## ACTION ITEM
Using the entries below, quote exactly the span of lines that begins with the line containing "然后7月23日这天,这报考的" and ends with the final line.

Records drawn from a dataset
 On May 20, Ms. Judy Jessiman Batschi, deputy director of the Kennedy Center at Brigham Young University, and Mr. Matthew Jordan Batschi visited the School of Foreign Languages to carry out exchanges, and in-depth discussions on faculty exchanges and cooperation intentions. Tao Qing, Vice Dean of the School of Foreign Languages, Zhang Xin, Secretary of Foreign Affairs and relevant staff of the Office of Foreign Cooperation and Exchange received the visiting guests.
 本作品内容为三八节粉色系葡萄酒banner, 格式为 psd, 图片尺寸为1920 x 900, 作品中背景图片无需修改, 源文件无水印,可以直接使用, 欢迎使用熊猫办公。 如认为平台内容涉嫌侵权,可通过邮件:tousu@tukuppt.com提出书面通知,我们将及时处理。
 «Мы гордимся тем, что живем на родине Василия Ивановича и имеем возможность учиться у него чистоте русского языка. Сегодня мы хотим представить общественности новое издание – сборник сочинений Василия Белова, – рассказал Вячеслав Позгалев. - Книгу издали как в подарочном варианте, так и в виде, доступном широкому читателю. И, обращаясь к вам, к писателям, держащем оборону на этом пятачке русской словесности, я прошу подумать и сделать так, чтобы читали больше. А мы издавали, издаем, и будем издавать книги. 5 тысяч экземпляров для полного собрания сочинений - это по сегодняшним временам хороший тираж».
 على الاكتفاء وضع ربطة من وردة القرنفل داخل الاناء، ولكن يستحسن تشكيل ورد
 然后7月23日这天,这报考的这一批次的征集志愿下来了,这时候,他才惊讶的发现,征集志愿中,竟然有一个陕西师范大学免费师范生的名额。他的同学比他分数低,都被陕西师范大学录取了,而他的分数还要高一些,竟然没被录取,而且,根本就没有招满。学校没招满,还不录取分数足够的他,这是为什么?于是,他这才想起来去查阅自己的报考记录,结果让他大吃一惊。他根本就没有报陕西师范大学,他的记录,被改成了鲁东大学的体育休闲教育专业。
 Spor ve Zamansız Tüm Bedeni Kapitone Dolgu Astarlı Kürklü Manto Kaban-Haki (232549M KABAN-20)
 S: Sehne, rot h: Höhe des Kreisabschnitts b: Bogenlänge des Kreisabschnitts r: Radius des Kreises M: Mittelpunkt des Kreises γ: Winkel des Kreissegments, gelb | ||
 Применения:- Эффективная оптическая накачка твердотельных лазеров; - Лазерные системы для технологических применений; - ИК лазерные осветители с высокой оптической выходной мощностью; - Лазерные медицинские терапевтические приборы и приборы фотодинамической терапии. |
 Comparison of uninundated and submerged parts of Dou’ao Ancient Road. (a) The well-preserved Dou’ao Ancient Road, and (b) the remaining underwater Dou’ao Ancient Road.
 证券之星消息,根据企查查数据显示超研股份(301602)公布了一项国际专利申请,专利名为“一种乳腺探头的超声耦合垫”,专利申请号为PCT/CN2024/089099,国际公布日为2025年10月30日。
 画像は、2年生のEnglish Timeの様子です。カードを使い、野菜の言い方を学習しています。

## TASK RESPONSE
 然后7月23日这天,这报考的这一批次的征集志愿下来了,这时候,他才惊讶的发现,征集志愿中,竟然有一个陕西师范大学免费师范生的名额。他的同学比他分数低,都被陕西师范大学录取了,而他的分数还要高一些,竟然没被录取,而且,根本就没有招满。学校没招满,还不录取分数足够的他,这是为什么?于是,他这才想起来去查阅自己的报考记录,结果让他大吃一惊。他根本就没有报陕西师范大学,他的记录,被改成了鲁东大学的体育休闲教育专业。
 Spor ve Zamansız Tüm Bedeni Kapitone Dolgu Astarlı Kürklü Manto Kaban-Haki (232549M KABAN-20)
 S: Sehne, rot h: Höhe des Kreisabschnitts b: Bogenlänge des Kreisabschnitts r: Radius des Kreises M: Mittelpunkt des Kreises γ: Winkel des Kreissegments, gelb | ||
 Применения:- Эффективная оптическая накачка твердотельных лазеров; - Лазерные системы для технологических применений; - ИК лазерные осветители с высокой оптической выходной мощностью; - Лазерные медицинские терапевтические приборы и приборы фотодинамической терапии. |
 Comparison of uninundated and submerged parts of Dou’ao Ancient Road. (a) The well-preserved Dou’ao Ancient Road, and (b) the remaining underwater Dou’ao Ancient Road.
 证券之星消息,根据企查查数据显示超研股份(301602)公布了一项国际专利申请,专利名为“一种乳腺探头的超声耦合垫”,专利申请号为PCT/CN2024/089099,国际公布日为2025年10月30日。
 画像は、2年生のEnglish Timeの様子です。カードを使い、野菜の言い方を学習しています。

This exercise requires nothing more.